The results closely match those based on Eq. (8.8b).

FIGURE 8.58 3D view of Fig. 8.56 after range cell migration correction.

Both fractional range cell interpolation and range sample shift are then applied on the signal array of Fig. 8.56. For simplicity, only ΔN_k1 was used in simulation and the result is shown in Fig. 8.58.

As can be seen, the magnitudes of the range migration corrected spectrum array become equal for both columns of the spectrum array. The magnitude of the left column array doubles that of the right one because there are two targets.

A different view of the range migration corrected spectrum is shown in Fig. 8.59. The horizontal axis shows the time samples, and the vertical axis represents the Doppler frequency bins with 1 of 30 bins shown. The new plot shows that the two spectrum arrays are aligned at two time samples, one at sample 181 and the other at sample 211. The bandwidth of both arrays is about equal, yet the magnitude of the left column is greater than that of the right column because there are two targets. Again, some portions of the left column appear smaller than the rest of the same array because of phase cancellation from the two targets at the same range distance R_0a.

Azimuth compression is then performed on the range migration corrected spectrum array in the range–Doppler frequency domain. The range-dependent azimuth matched filter h_az1(s) is applied to columns of time samples 1–190 of the spectrum array, and h_az2(s) is applied to columns (time sample) 191–256 of the spectrum array. After the azimuth compression, the Doppler frequency spectrum array is inverse-Fourier-transformed back to the range–azimuth (or time–spatial) domain. A 3D view of the final data array in the spatiotemporal domain is shown in Fig. 8.60 with two impulse-like signals appearing at (181,571) and (181,947), respectively, and the third one at (211,786). All three targets appear to have the same magnitude.

FIGURE 8.59 2D view of Fig. 8.56 after range cell migration correction.

Figure 8.61 displays a cross-sectional view of Fig. 8.60 at two time samples: Fig. 8.61a shows the magnitude of the targets distributed along the azimuth axis at time sample 181; Fig. 8.61b, at time sample 211. Two pulses (or targets) appear in Fig. 8.61a: one at azimuth sample 571 and the other at azimuth sample 947. Only one pulse (or target) appears in Fig. 8.61b, located at azimuth sample 786. The difference between samples 947 and 571 along the azimuth direction is 376, which corresponds to 376 × 0.4 m = 150.4 m. This number closely matches the specification (y₃ − y₁ = 150 m). The difference between samples 786 and 571 along the azimuth direction is 215, which corresponds to 215 × 0.4 m = 86 m.
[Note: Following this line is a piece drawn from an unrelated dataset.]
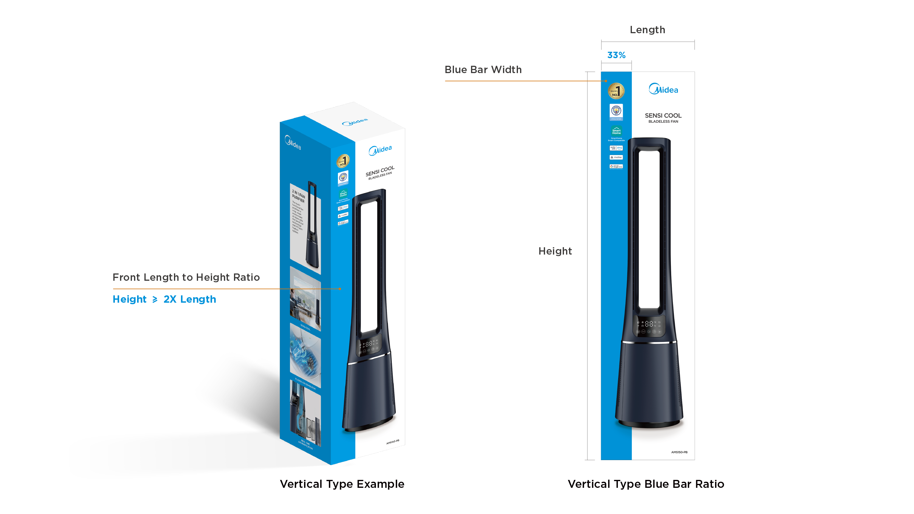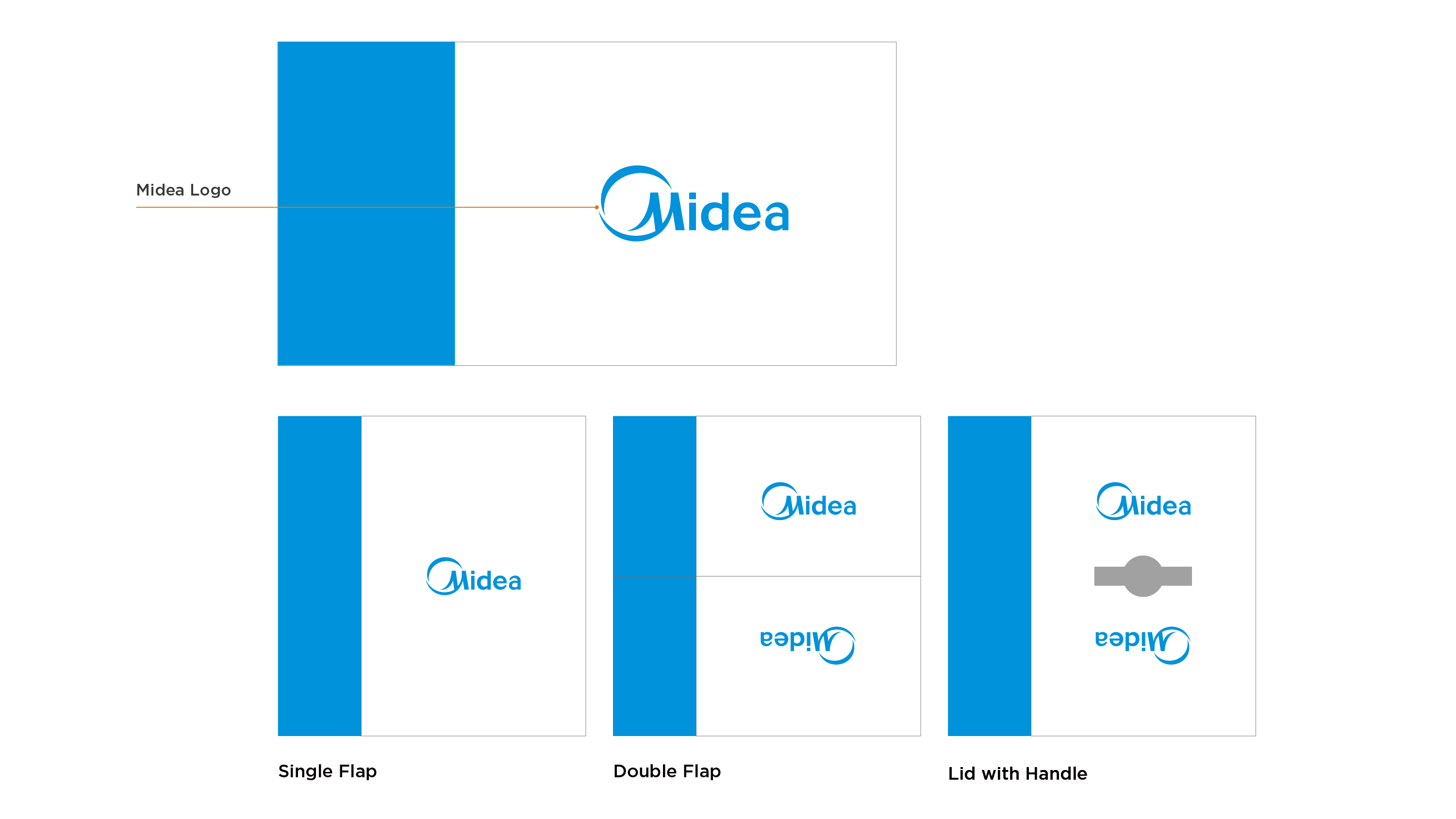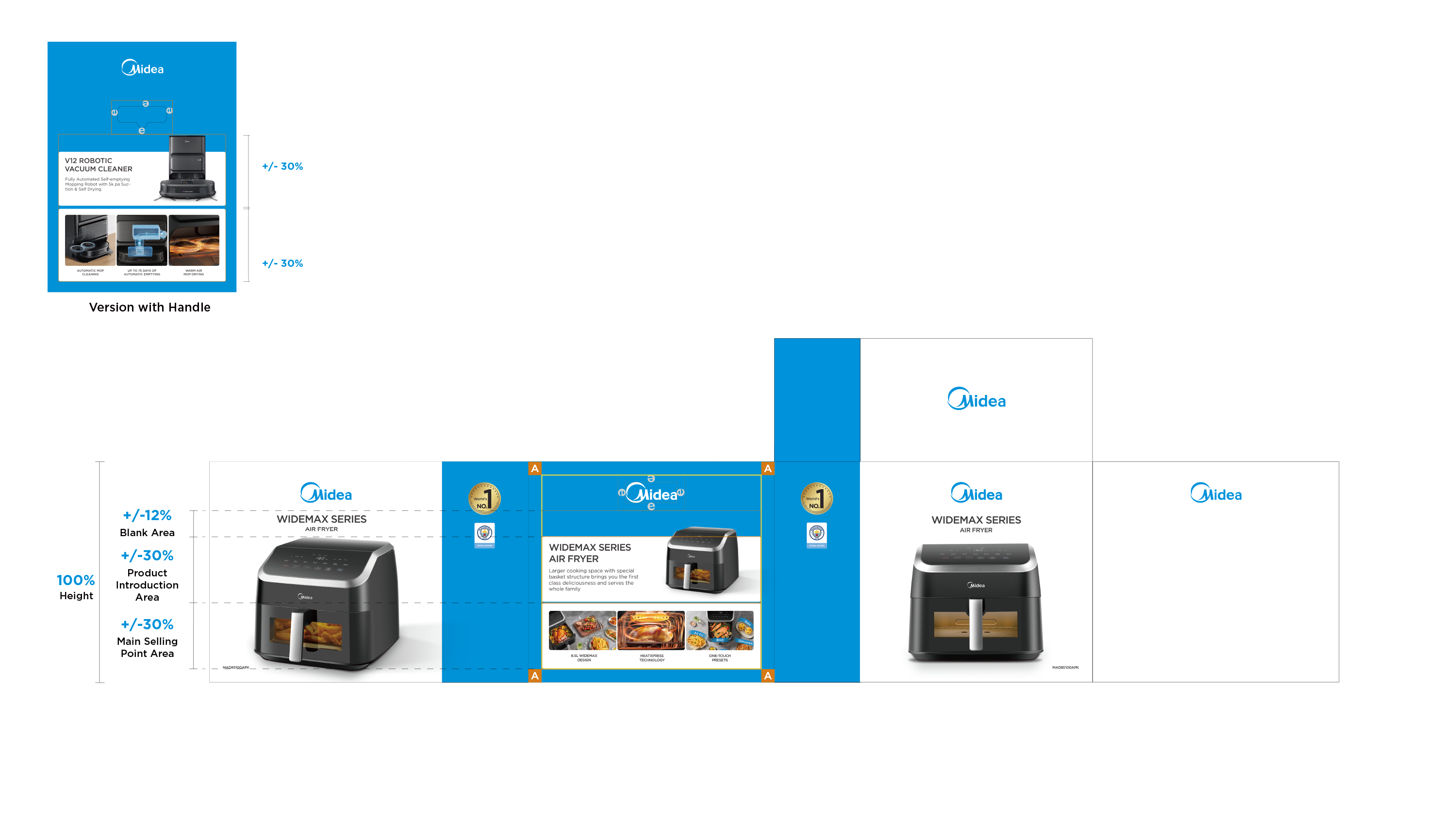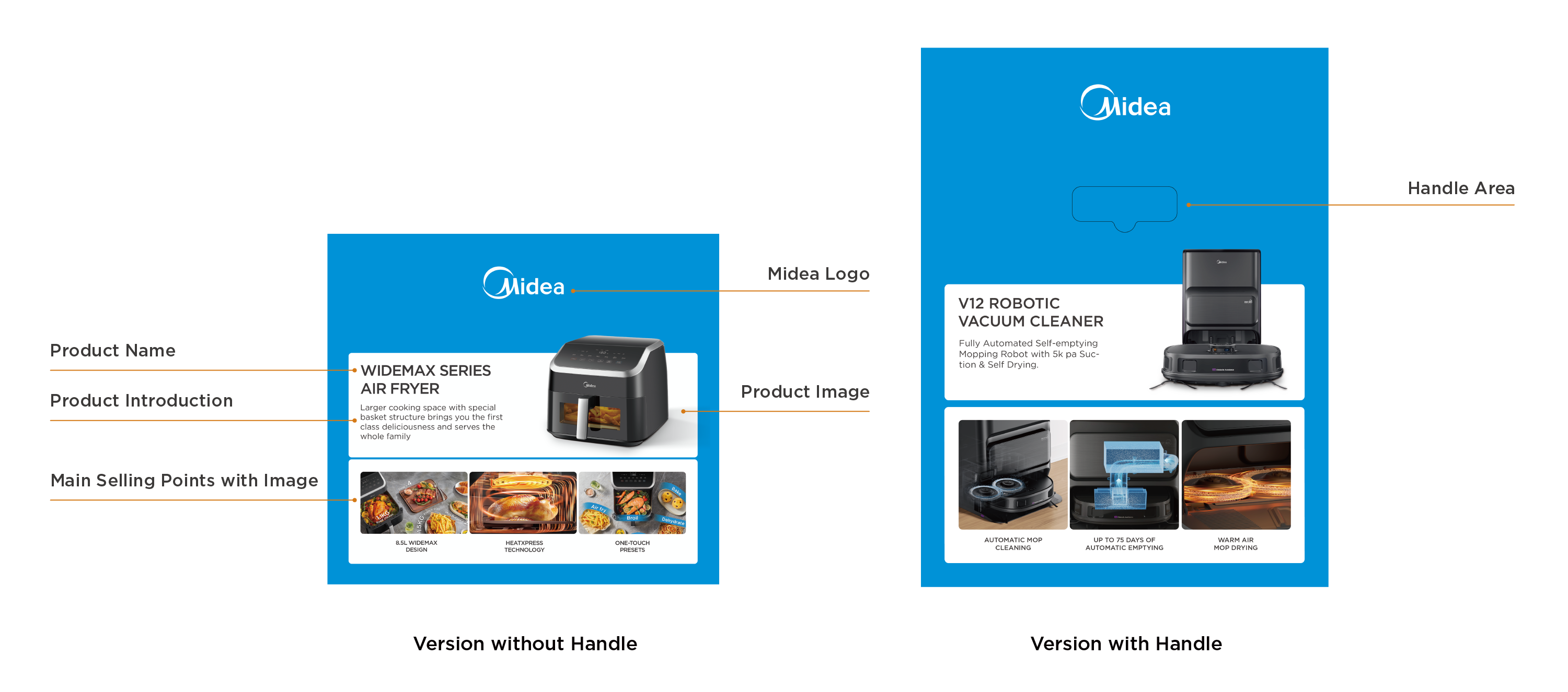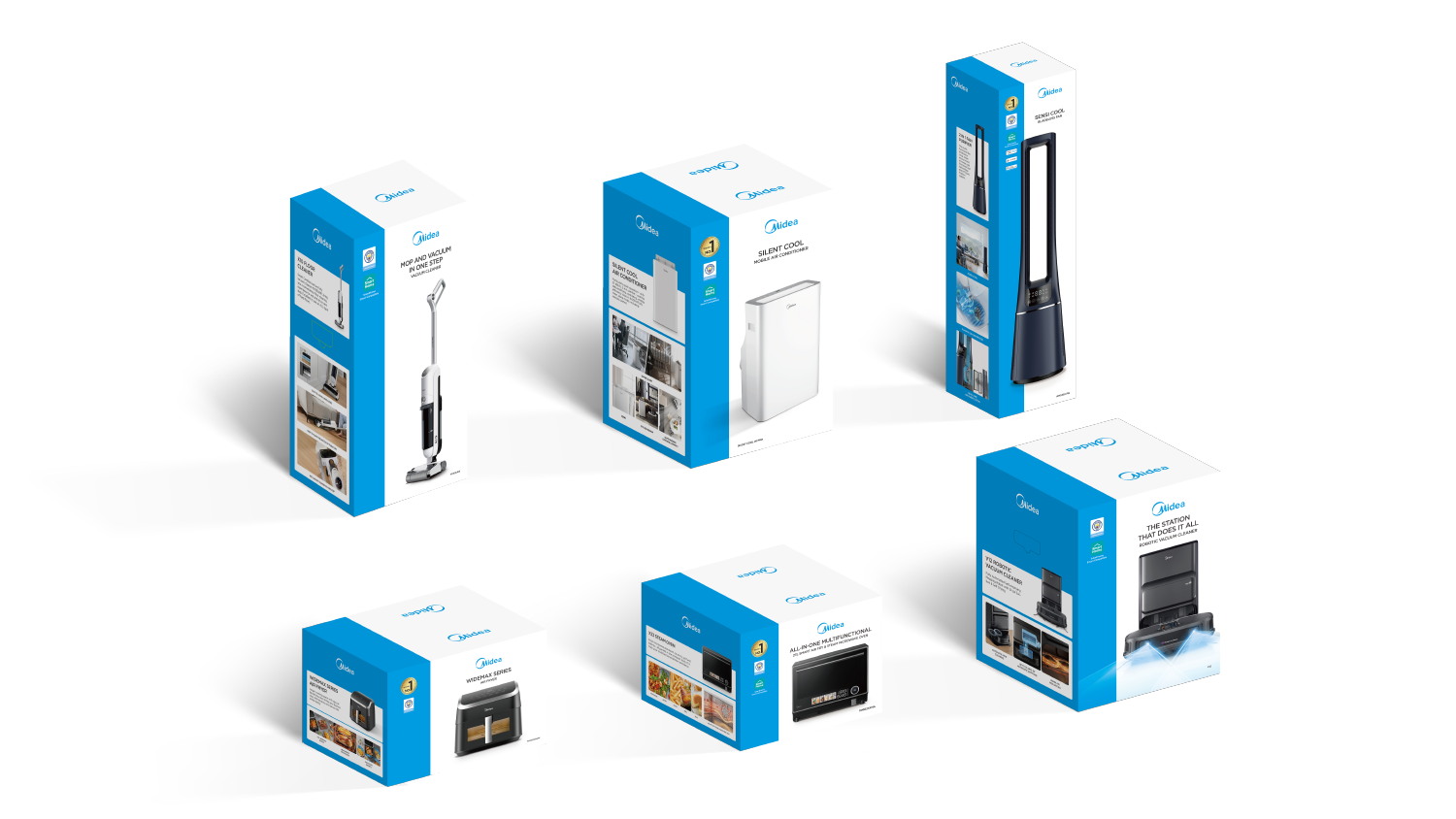 - Midea Blue: blue bar visual design to highlight the packaging;

This number is 14 m shorter than the specification, y₂ − y₁ = 100 m. This discrepancy is due to two factors: (1) the two targets are located at different range distances, with one located at range R_0a and the other at range R_0b (range differences require the use of different azimuth matched filters and adjustment of the range ratio); and (2) the nonzero squint angle is θ_q = 6°, which shortens the azimuth distance by an amount δy = Δx tan θ_q.

FIGURE 8.60 3D view of a reconstructed target function from Fig. 8.18.

FIGURE 8.61 Cross-sectional view of Fig. 8.60 at range samples 181 and 211.

Therefore, adjustment of the range ratio R_0a/R_0b = (7500/7650) = 0.98 should be applied to the number 86 to become 86 × 0.98 m = 84.28 m. In addition, with Δx = 150 m in the range direction and θ_q = 6°, the azimuth distance Δy is reduced by an amount δy = Δx tan θ_q = 15.76 m. Therefore, the theoretical result should be (100 − 15.76) = 84.24 m. The simulation result, 84.28 m, matches the specification well in this case.

Figure 8.62 shows a cross-sectional view of Fig. 8.60 at three azimuth lines: Fig. 8.62a shows the magnitude of the target distributed along the time sample axis at azimuth line 571; Fig. 8.62b, at azimuth line 786; and Fig. 8.62c, at azimuth line 947. A single target is located at the same time sample (181) in both Figs. 8.62a and 8.62c. The single target in Fig. 8.62b is located at time sample 211. The time sample difference between these two sets of targets is (211−181) = 30, which corresponds to range difference 10 × (30/2) = 150 m. The simulation result closely matches the target specification (R_0b − R_0a = 150 m).

FIGURE 8.62 Cross-sectional view of Fig. 8.60 at azimuth lines 571, 786, and 947.